- **Work instructions**: Return all of the listing word for word; the pictures stay out.
------ Material provided ------
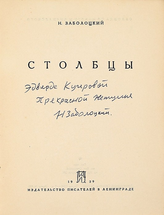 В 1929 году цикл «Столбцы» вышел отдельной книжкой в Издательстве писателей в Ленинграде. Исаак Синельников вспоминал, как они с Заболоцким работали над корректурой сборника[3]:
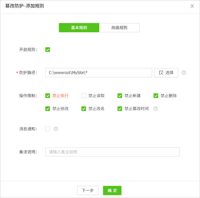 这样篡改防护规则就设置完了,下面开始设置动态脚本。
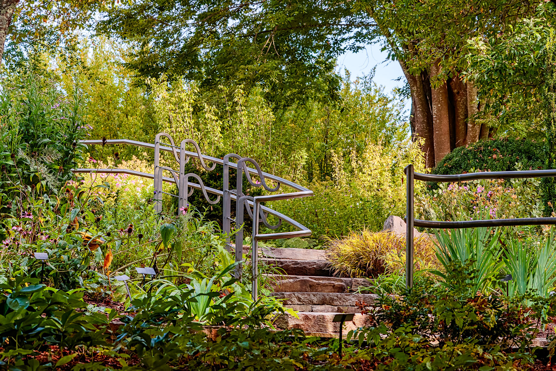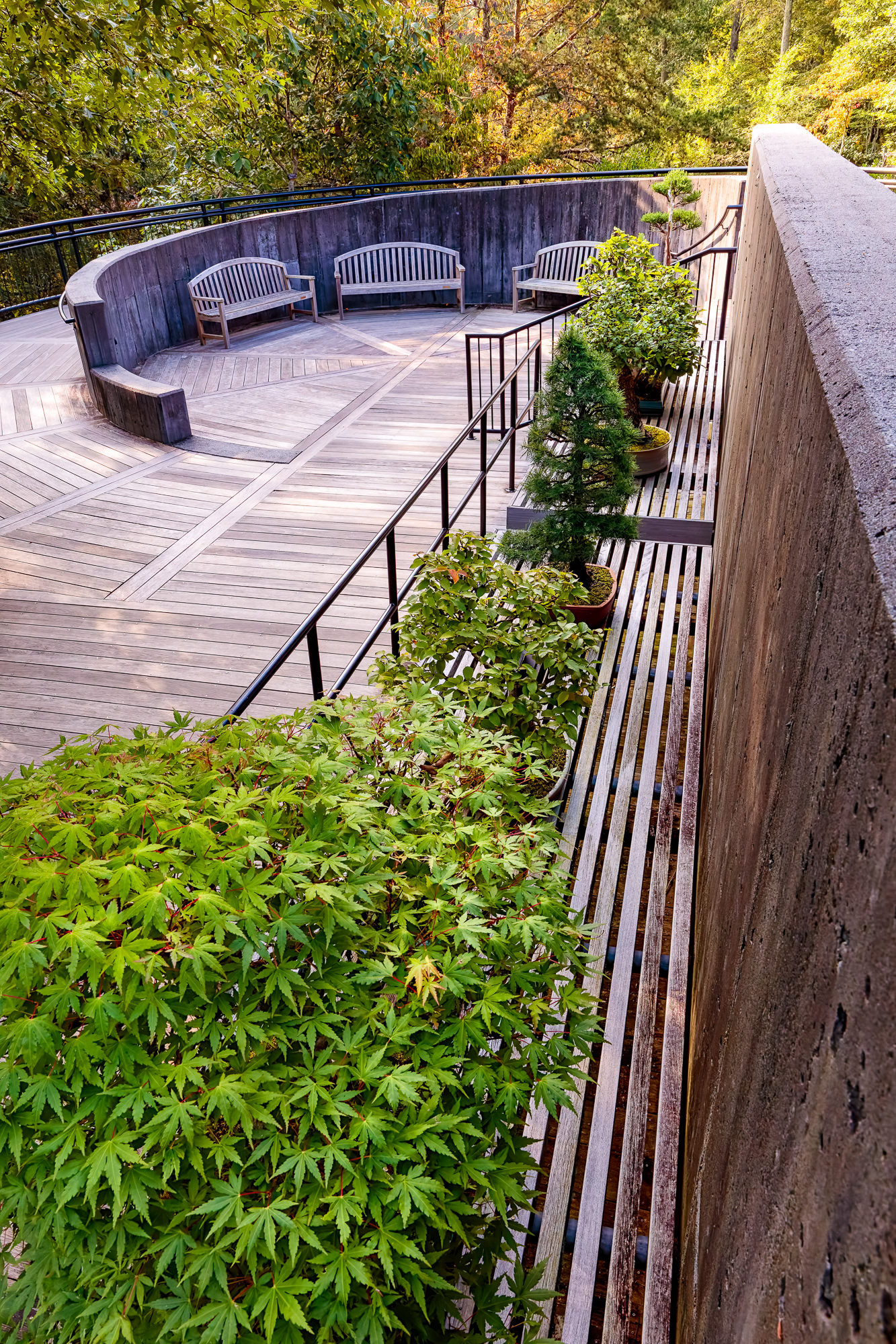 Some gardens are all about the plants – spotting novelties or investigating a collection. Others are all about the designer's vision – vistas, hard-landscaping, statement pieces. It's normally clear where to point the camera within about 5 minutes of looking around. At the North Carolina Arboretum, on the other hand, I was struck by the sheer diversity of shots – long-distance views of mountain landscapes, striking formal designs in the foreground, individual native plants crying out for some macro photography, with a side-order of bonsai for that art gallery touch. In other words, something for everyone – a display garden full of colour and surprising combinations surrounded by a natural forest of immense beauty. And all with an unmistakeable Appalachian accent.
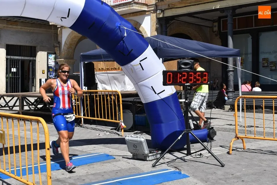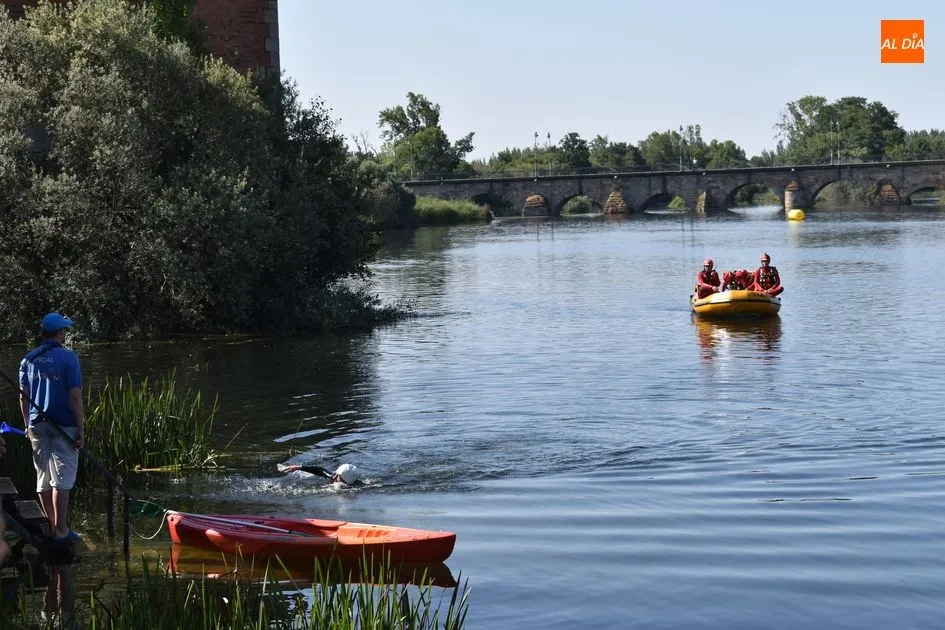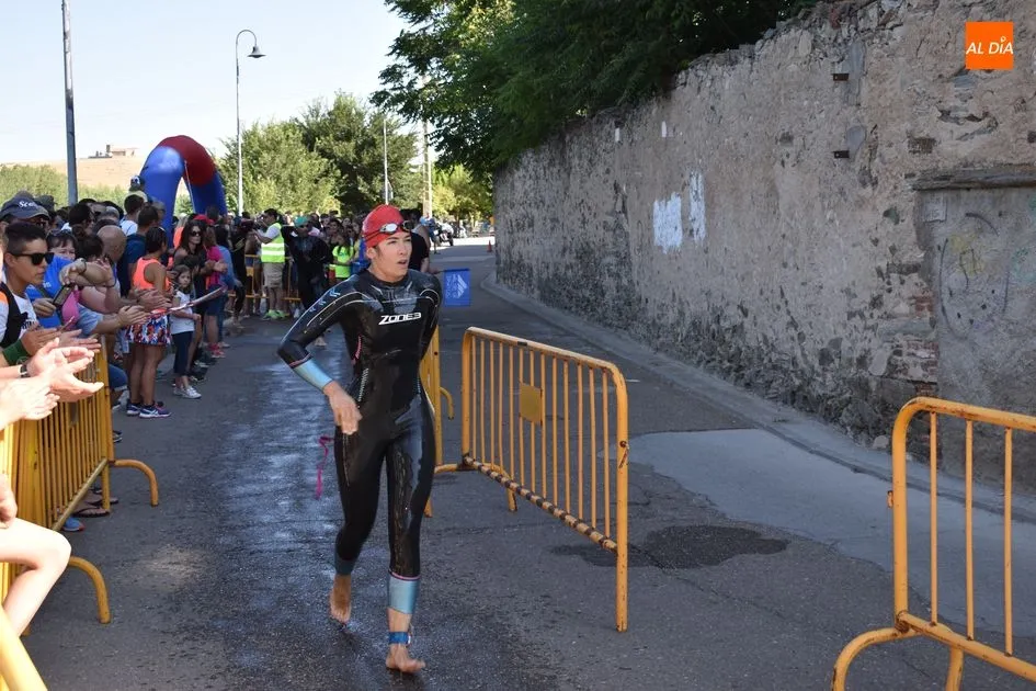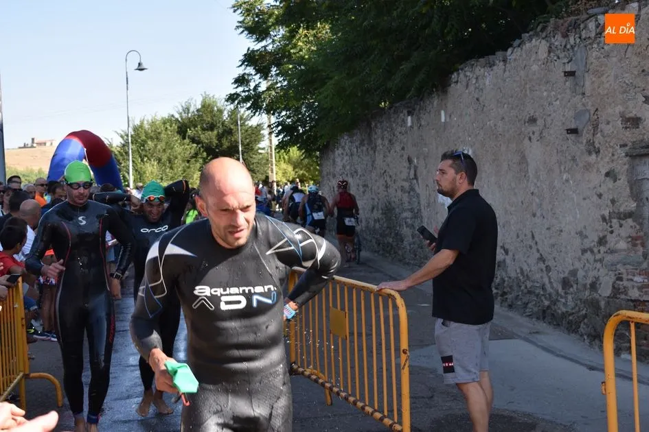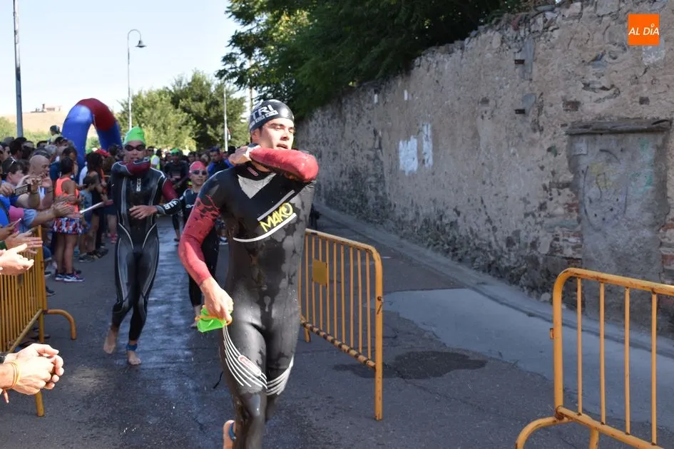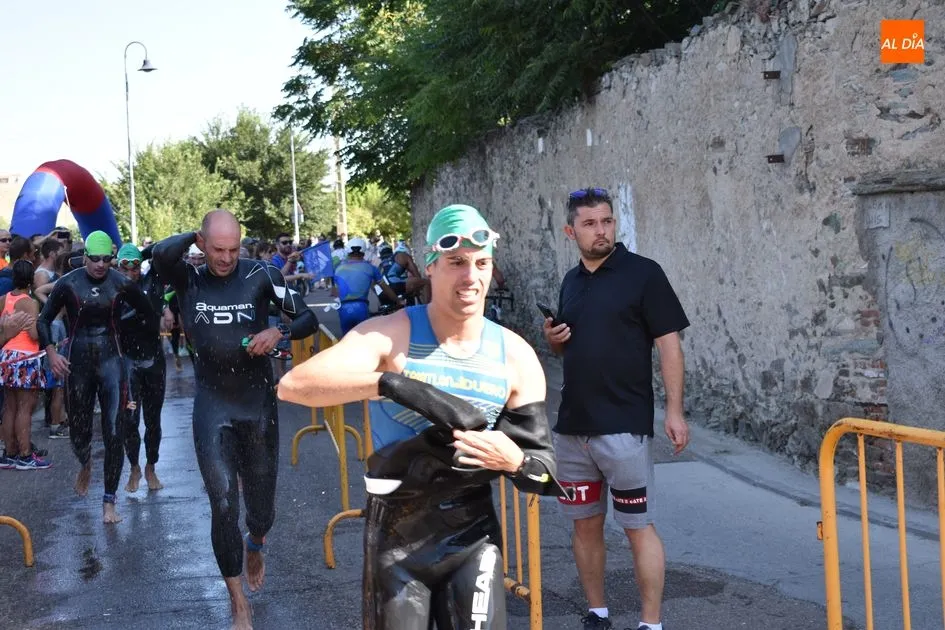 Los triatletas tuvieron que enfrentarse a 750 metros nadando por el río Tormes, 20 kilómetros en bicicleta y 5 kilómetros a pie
------
- **Solution**:
 В 1929 году цикл «Столбцы» вышел отдельной книжкой в Издательстве писателей в Ленинграде. Исаак Синельников вспоминал, как они с Заболоцким работали над корректурой сборника[3]:
 这样篡改防护规则就设置完了,下面开始设置动态脚本。
 Some gardens are all about the plants – spotting novelties or investigating a collection. Others are all about the designer's vision – vistas, hard-landscaping, statement pieces. It's normally clear where to point the camera within about 5 minutes of looking around. At the North Carolina Arboretum, on the other hand, I was struck by the sheer diversity of shots – long-distance views of mountain landscapes, striking formal designs in the foreground, individual native plants crying out for some macro photography, with a side-order of bonsai for that art gallery touch. In other words, something for everyone – a display garden full of colour and surprising combinations surrounded by a natural forest of immense beauty. And all with an unmistakeable Appalachian accent.
 Los triatletas tuvieron que enfrentarse a 750 metros nadando por el río Tormes, 20 kilómetros en bicicleta y 5 kilómetros a pie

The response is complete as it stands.